The company I am working for is going through a massive reorganization for the sales staff. The top brass got whacked (let go – aka given the opportunity to work elsewhere) about a year ago and it’s been dragging on ever since. Recently, management announced they are reducing the sales staff by 35%! Keep in mind we are growing company and not restructuring because we are in financial troubles. As heads continue to roll everyone is on pins and needles to learn the new structure for the organization. My cousin (big wig in corporate America) said that large reorgs like this are analogous to 7th-grade dances. People congregate in their little tribes. Rumors spread. No one knows how to act given the situation and you may see people do uncharacteristic things given the circumstances.
Anyway, the remaining sales staff feels overworked, irritated, and tired of being in limbo while we wait to hear the announced changes for the structure. Most of us are covering 2x the number of customers with no extra incentives and uncertain of the future.
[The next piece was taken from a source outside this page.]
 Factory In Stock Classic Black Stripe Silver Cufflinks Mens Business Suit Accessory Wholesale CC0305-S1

During this time, management rolled out a rather labor intensive research project. We were assigned the project via email on a Monday afternoon with the sales leadership copied on the email chain (aka you better pay attention). The email instructed us to respond to the sender and another individual by noon Friday. We were not excited bout this task.
Most of my peers seemed to half-ass the task or do the minimal work required. Now, I’ll admit I wasn’t exactly thrilled by this “opportunity” but I decided to quit feeling sorry for myself and flip this on its head. I treated this as a competition against my peers, a little game that I wanted to win.
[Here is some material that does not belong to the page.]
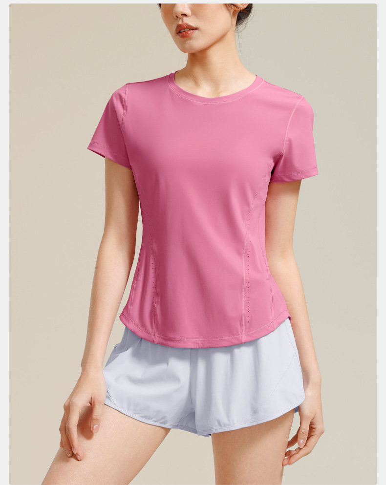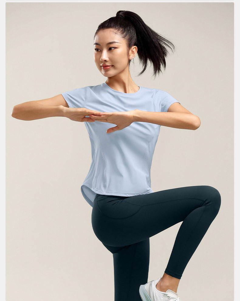 Быстросохнущая спортивная одежда для йоги для спортзала для тренировок, летняя футболка, защита от солнца, короткий рукав, для бега

I tidied up everything in a clean zip file and sent it to the two people specified in the original request. My coworkers hit the deadline as well but many were instructed to redo specific parts, find more information, or just clean it up. I hadn’t heard from my boss and assumed “no news is good news.” I was wrong, it went much better than expected. Picture below.
Thank you very much for your hard work and exceptional deliverable in prep for our workshops and “…” next week. You went above and beyond.
Your knowledge of the account was evidenced in the output you created.
Awesome job and thank you very much!